To do
Quote all of the data exactly as given. Skip every picture it contains.

BEGIN Dataset content

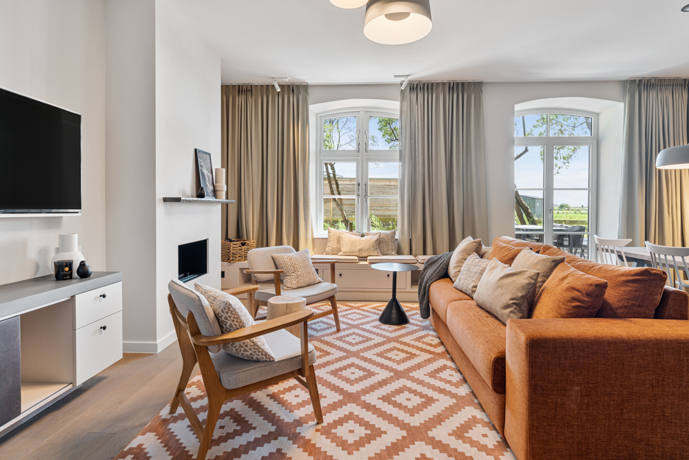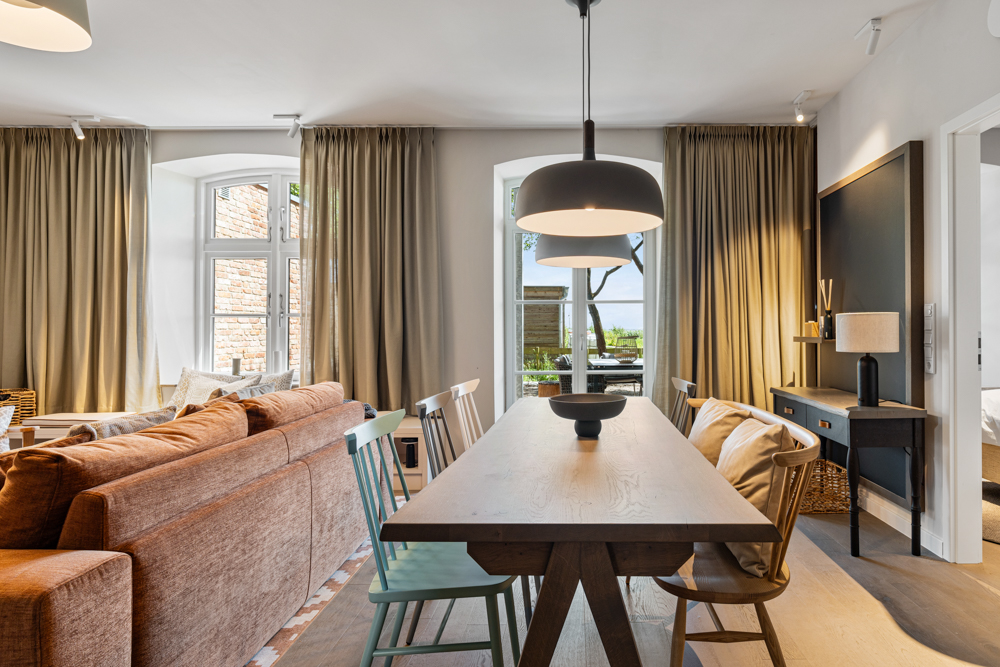 Willkommen in einem einzigartigen Objekt in St. Peter-Ording, das sich in der ehemaligen alten Schule befindet. Diese historische Immobilie wurde im letzten Jahr aufwendig kernsaniert und besticht nun durch eine harmonische Verbindung aus modernem Komfort und historischem Charme. Die Wohnung verfügt über eine effiziente Erdwärmeheizung, die eine wohlige Fußbodenheizung in allen Räumen ermöglicht. Der Mittelpunkt und das Herzstück der Wohnung ist der großzügige Wohn-Ess-Bereich. Große Fensterelemente und bodentiefe Fenster sorgen für ein lichtdurchflutetes Ambiente und bieten Zutritt zur wunderschönen Terrasse. Von hier aus genießen Sie einen atemberaubenden Blick über die Wiesen und Felder Westerhevers bis hin zum Deich. Der kleine eigene Gartenanteil neben der Terrasse garantiert absolute Privatsphäre auf Eiderstedt. Der stilvolle Wohnbereich mit integriertem Essbereich und einem gemütlichen Gaskamin ist sowohl an kalten Tagen als auch bei schönem Wetter der perfekte Rückzugsort nach langen Spaziergängen oder Fahrradtouren am Deich. Die traumhafte Ausstattung, die hochwertigen Tischlereinbauten und die perfekt aufeinander abgestimmten Materialien und Farben, entworfen von dem renommierten Innendesigner Olaf Kitzig, schaffen eine luxuriöse Wohnatmosphäre. Alte Elemente und Fenster der alten Schule wurden liebevoll aufgearbeitet und integriert, was dem Raum einen besonderen historischen Charme verleiht. Der wunderschöne Eichenholzboden, kombiniert mit hellen Materialien und einem modernen, dennoch klassischen Stil, erzeugt ein einzigartiges Ambiente. Das stilvolle Schlafzimmer, ausgestattet mit hochwertigen Einbaumöbeln, sowie der einladende Wohnbereich, der eine alte Steinmauer zur Geltung bringt, verleihen der Wohnung einen ganz besonderen Charme. Die hochwertige Küche ist mit allen Annehmlichkeiten und erstklassigen Elektrogeräten ausgestattet. Diese komplett ausgestattete Wohnung ist sofort zur Ferienvermietung verfügbar und bietet Feriengästen einen perfekten Rückzugsort abseits des Trubels von St. Peter-Ording. Auf dem großzügigen Außengelände, das insgesamt 13.000 m² umfasst und parkartig angelegt wird, entsteht eine wahre Ruheoase. Diese idyllische Anlage bietet Sitzmöglichkeiten und Abstellflächen, die zum Verweilen und Entspannen einladen. Ein besonderes Highlight ist das Naturschwimmbad, das perfekt in die natürliche Umgebung integriert ist. Hier können Sie sich inmitten der Natur erfrischen und erholen. Zusätzlich stehen den Bewohnern Fasssaunen und ein Gym zur Verfügung, die einen Hauch von Luxus und Entspannung bieten. Ein liebevoll gestalteter Kinderspielplatz sorgt dafür, dass auch die jüngsten Bewohner und Gäste sich rundum wohlfühlen und Spaß haben. Die wunderschöne Anlage befindet sich direkt an der historischen Kirche von Westerhever und ergänzt das perfekte Wohnobjekt optimal. Diese harmonische Kombination aus historischer Architektur und modernem Komfort schafft einen einzigartigen Ort der Ruhe und Erholung. Erleben Sie luxuriöses Wohnen in einer historischen Umgebung, die durch eine exquisite Ausstattung und einen unvergleichlichen Charme besticht. Diese Wohnung in der ehemaligen alten Schule von St. Peter-Ording ist der ideale Ort für anspruchsvolle Feriengäste, die Ruhe und Erholung suchen.
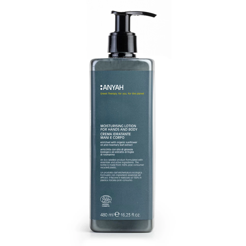 CREME HYDRATANTE CORPS ET MAINS, DANS UN FLACON RECYCLABLE DE 480 ML, CERTIFIE EU ECO LABEL, ANYAH
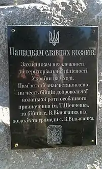 - Пам'ятний знак на честь воїнів добровольчої козацької роти ім Т Шевченко. 23 вересня 2015. Процитовано 14 січня 2016.

END Dataset content

Reply to the exercise
 Willkommen in einem einzigartigen Objekt in St. Peter-Ording, das sich in der ehemaligen alten Schule befindet. Diese historische Immobilie wurde im letzten Jahr aufwendig kernsaniert und besticht nun durch eine harmonische Verbindung aus modernem Komfort und historischem Charme. Die Wohnung verfügt über eine effiziente Erdwärmeheizung, die eine wohlige Fußbodenheizung in allen Räumen ermöglicht. Der Mittelpunkt und das Herzstück der Wohnung ist der großzügige Wohn-Ess-Bereich. Große Fensterelemente und bodentiefe Fenster sorgen für ein lichtdurchflutetes Ambiente und bieten Zutritt zur wunderschönen Terrasse. Von hier aus genießen Sie einen atemberaubenden Blick über die Wiesen und Felder Westerhevers bis hin zum Deich. Der kleine eigene Gartenanteil neben der Terrasse garantiert absolute Privatsphäre auf Eiderstedt. Der stilvolle Wohnbereich mit integriertem Essbereich und einem gemütlichen Gaskamin ist sowohl an kalten Tagen als auch bei schönem Wetter der perfekte Rückzugsort nach langen Spaziergängen oder Fahrradtouren am Deich. Die traumhafte Ausstattung, die hochwertigen Tischlereinbauten und die perfekt aufeinander abgestimmten Materialien und Farben, entworfen von dem renommierten Innendesigner Olaf Kitzig, schaffen eine luxuriöse Wohnatmosphäre. Alte Elemente und Fenster der alten Schule wurden liebevoll aufgearbeitet und integriert, was dem Raum einen besonderen historischen Charme verleiht. Der wunderschöne Eichenholzboden, kombiniert mit hellen Materialien und einem modernen, dennoch klassischen Stil, erzeugt ein einzigartiges Ambiente. Das stilvolle Schlafzimmer, ausgestattet mit hochwertigen Einbaumöbeln, sowie der einladende Wohnbereich, der eine alte Steinmauer zur Geltung bringt, verleihen der Wohnung einen ganz besonderen Charme. Die hochwertige Küche ist mit allen Annehmlichkeiten und erstklassigen Elektrogeräten ausgestattet. Diese komplett ausgestattete Wohnung ist sofort zur Ferienvermietung verfügbar und bietet Feriengästen einen perfekten Rückzugsort abseits des Trubels von St. Peter-Ording. Auf dem großzügigen Außengelände, das insgesamt 13.000 m² umfasst und parkartig angelegt wird, entsteht eine wahre Ruheoase. Diese idyllische Anlage bietet Sitzmöglichkeiten und Abstellflächen, die zum Verweilen und Entspannen einladen. Ein besonderes Highlight ist das Naturschwimmbad, das perfekt in die natürliche Umgebung integriert ist. Hier können Sie sich inmitten der Natur erfrischen und erholen. Zusätzlich stehen den Bewohnern Fasssaunen und ein Gym zur Verfügung, die einen Hauch von Luxus und Entspannung bieten. Ein liebevoll gestalteter Kinderspielplatz sorgt dafür, dass auch die jüngsten Bewohner und Gäste sich rundum wohlfühlen und Spaß haben. Die wunderschöne Anlage befindet sich direkt an der historischen Kirche von Westerhever und ergänzt das perfekte Wohnobjekt optimal. Diese harmonische Kombination aus historischer Architektur und modernem Komfort schafft einen einzigartigen Ort der Ruhe und Erholung. Erleben Sie luxuriöses Wohnen in einer historischen Umgebung, die durch eine exquisite Ausstattung und einen unvergleichlichen Charme besticht. Diese Wohnung in der ehemaligen alten Schule von St. Peter-Ording ist der ideale Ort für anspruchsvolle Feriengäste, die Ruhe und Erholung suchen.
 CREME HYDRATANTE CORPS ET MAINS, DANS UN FLACON RECYCLABLE DE 480 ML, CERTIFIE EU ECO LABEL, ANYAH
 - Пам'ятний знак на честь воїнів добровольчої козацької роти ім Т Шевченко. 23 вересня 2015. Процитовано 14 січня 2016.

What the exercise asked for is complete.